> **Given information**:
%%

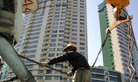 A worker shovels concrete from a mixer outside a new apartment building in Beijing.AP Photo/Greg Baker House prices in leading Chinese cities...
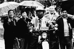 上图为殷志华(骑摩托者)和61届汽车系同班同学相会在清华园。
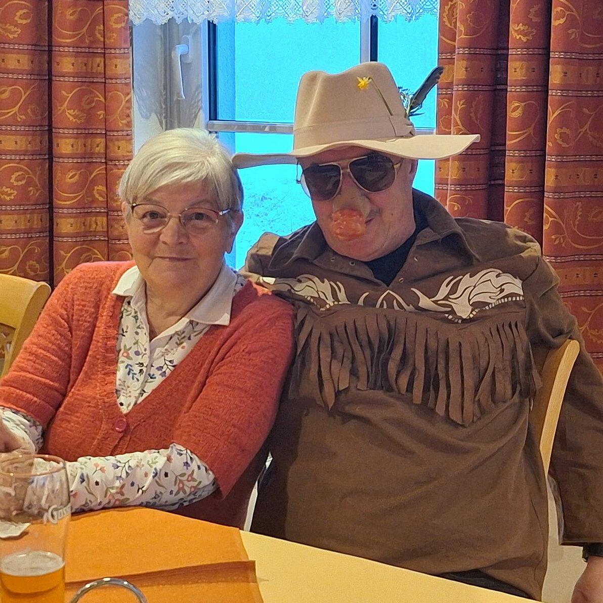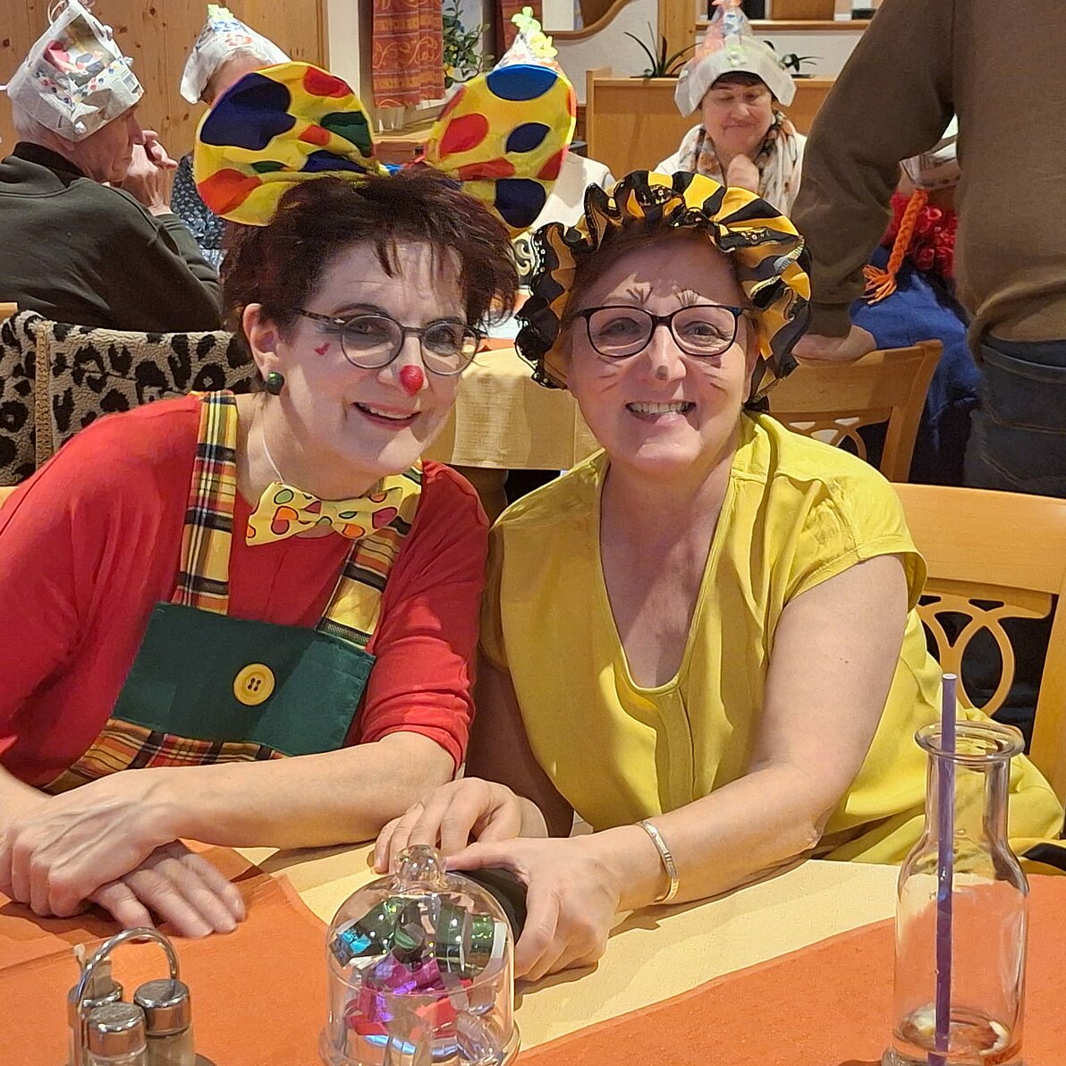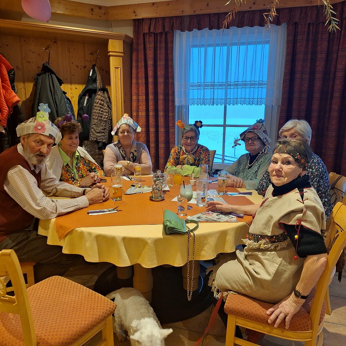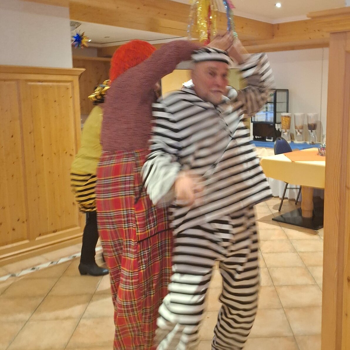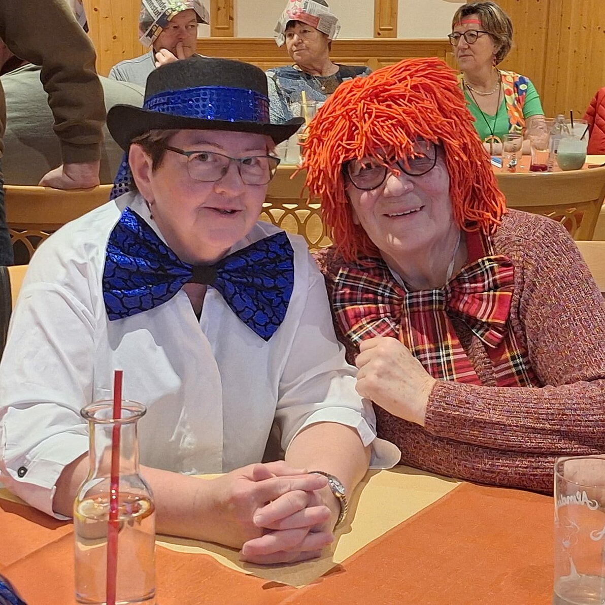 Gut ausgestattet brachten Meister Maria und Lehrling Poldi kreative handgefertigte, kreativ gestaltete Hüte mit – und so entstand schnell eine bunte, fantasievolle Faschingsrunde, bei der viel gelacht und getanzt wurde.
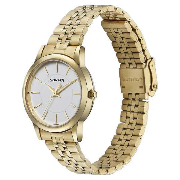 Sonata Glam Gold Quartz Analog White Dial Stainless Steel Strap Watch For Women 87061ym01w

%%

> **Problem to solve**: Output the listing above exactly, but leave its pictures behind.

> **Written solution**:
 A worker shovels concrete from a mixer outside a new apartment building in Beijing.AP Photo/Greg Baker House prices in leading Chinese cities...
 上图为殷志华(骑摩托者)和61届汽车系同班同学相会在清华园。
 Gut ausgestattet brachten Meister Maria und Lehrling Poldi kreative handgefertigte, kreativ gestaltete Hüte mit – und so entstand schnell eine bunte, fantasievolle Faschingsrunde, bei der viel gelacht und getanzt wurde.
 Sonata Glam Gold Quartz Analog White Dial Stainless Steel Strap Watch For Women 87061ym01w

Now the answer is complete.